- Theatrical release poster
- Directed by: Neil Thompson
- Written by: Geoff Thompson
- Produced by: Martin Carr Neil Thompson
- Starring: Colin Salmon Mel Raido Shaun Parkes Scot Williams Maxine Peake Natalie Gumede
- Cinematography: Kate Stark
- Edited by: David Kew
- Music by: Paul Heard
- Release dates: 2 October 2008 (Dinard Festival of British Cinema); 16 January 2009 (United Kingdom);
- Running time: 95 minutes
- Country: United Kingdom
- Language: English

= Clubbed =

Clubbed is a 2008 British drama film about a 1980s factory worker who takes up a job as a club doorman, written by Geoff Thompson and directed by Neil Thompson.

==Plot==
In 1984, Danny - a lonely factory worker intimidated by life - is battered and humiliated in front of his kids in a random act of violence.

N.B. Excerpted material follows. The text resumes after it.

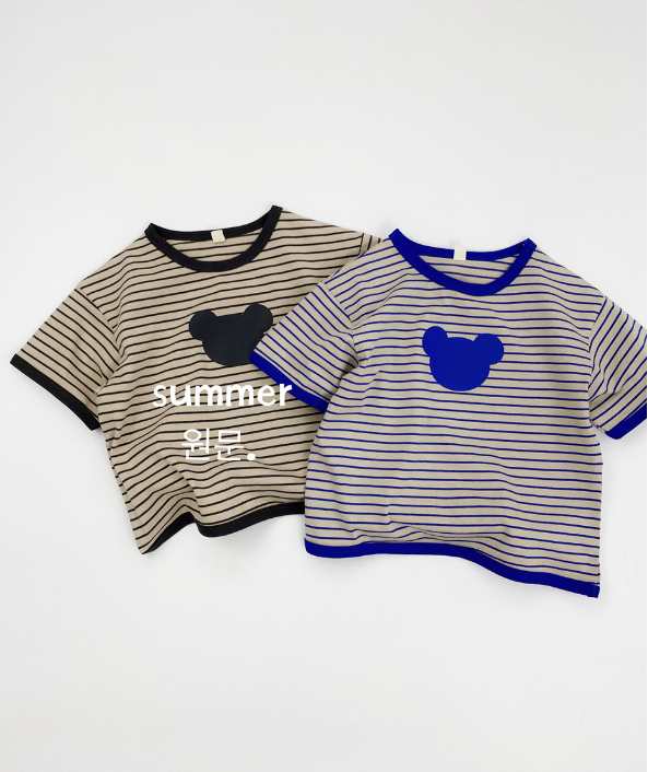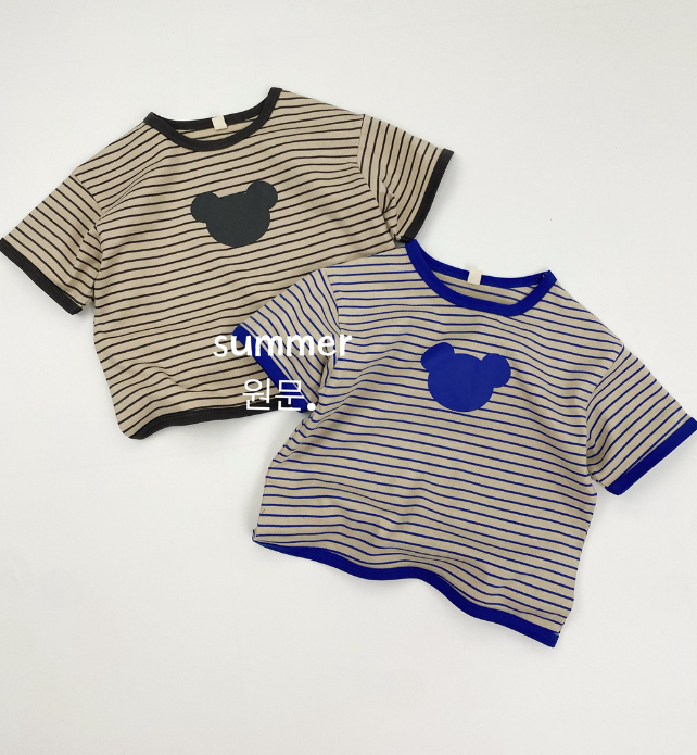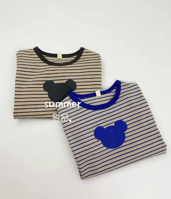 2025夏服新作韓国子供服 ボーダー ミキー柄 半袖tシャツ

His already bleak existence sinks further into the abyss. On the verge of total breakdown, he decides to fight back.

He meets a group of nightclub doormen who take him in and give him the confidence to stand his ground. As he is drawn deeper into their world, he becomes embroiled with the local gangland boss, setting in motion a chain of events with shockingly brutal consequences.

==Cast==
- Colin Salmon as Louis
- Natalie Gumede as Jo
- Mel Raido as Danny
- Shaun Parkes as Rob
- Scot Williams as "Sparky"
- Maxine Peake as Angela
- Will Poulter as Sparky's Baby Son
- Neil Morrissey as Simon
- Ronnie Fox as Hennessy
- Charlie Clark as Illisa
- Katherine McGolpin as Kay
- Anthony Ghosh as Minor Part At Beginning
- Aicha McKenzie as Helen
- Nick Holder as Mick
- Ellen Thomas as Mrs. Smith
- Ian Ralph as Barney "Fatman"
- Tom McKay as "Skank"
- Michelle Marsh as Skank's Girlfriend
- Nikki Sanderson as "Gee-Gee", Dance Teacher
- Jamie Kenna as Hack
- Ian Virgo as Leonard
- Ciarán Griffiths as "Reaper"
- Hayley Evetts as Reaper's Girlfriend
- Angie Chiefa as Dancer
- Joanne Rozak as Dancer

== Reception ==
Empire gave the film three stars out of five stating "Performances are varied, but it overcomes its low budget with a suspenseful story, sympathetic leads and cracking ’80s soundtrack."